One night he goes out fishing with Steege, a notorious drunkard whose vice has prevented him from buying a new fishing boat. The old dilapidated one cannot defy the thunderstorm of which they have been warned, and the sea claims two more lives: After long days of waiting, Doralice and Mrs Steege finally accept the fact that their husbands are not coming back. At this point Knospelius makes Doralice the unexpected offer to be his companion for the foreseeable future and to spend the winter with him touring the Greek islands.

==Rediscovery==

Literary critic Jens Malte Fischer called Keyserling "possibly the most unknown of the great German story-tellers of the century." Wellen was selected as one of 100 great novels of the 20th century by the Süddeutsche Zeitung and reprinted in a special edition in 2004.

==Film adaptation==

In 2005 Vivian Naefe adapted Keyserling's novel for television. Based on a screenplay by Günter Schütter, the film Waves starred Sunnyi Melles, Matthias Habich and Marie Bäumer.

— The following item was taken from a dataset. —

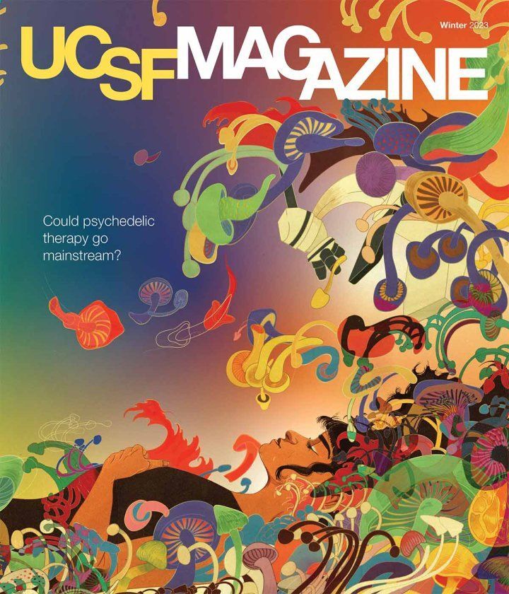Marcos Chin was commissioned create artwork for UC San Francisco Magazine to pair with a story about the use of psychedelics as medicine. Entitled Trip Therapy Could psychedelics become mainstream medicines?. The story speaks on recent clinical trials and testimonials from those who have benefited from the ancient hallucinogenic psilocybin.

Various changes to the plot of the novel were made. For example, in the film, the action is set on the eve of the First World War in order to stress the imminence of death of an aristocratic society and its antiquated social mores and conventions. Also, for whatever reason, Knospelius was renamed Froselius, while the artist's name is given as Til Knop. Hilmar von dem Hamm becomes Carl von Gonthard.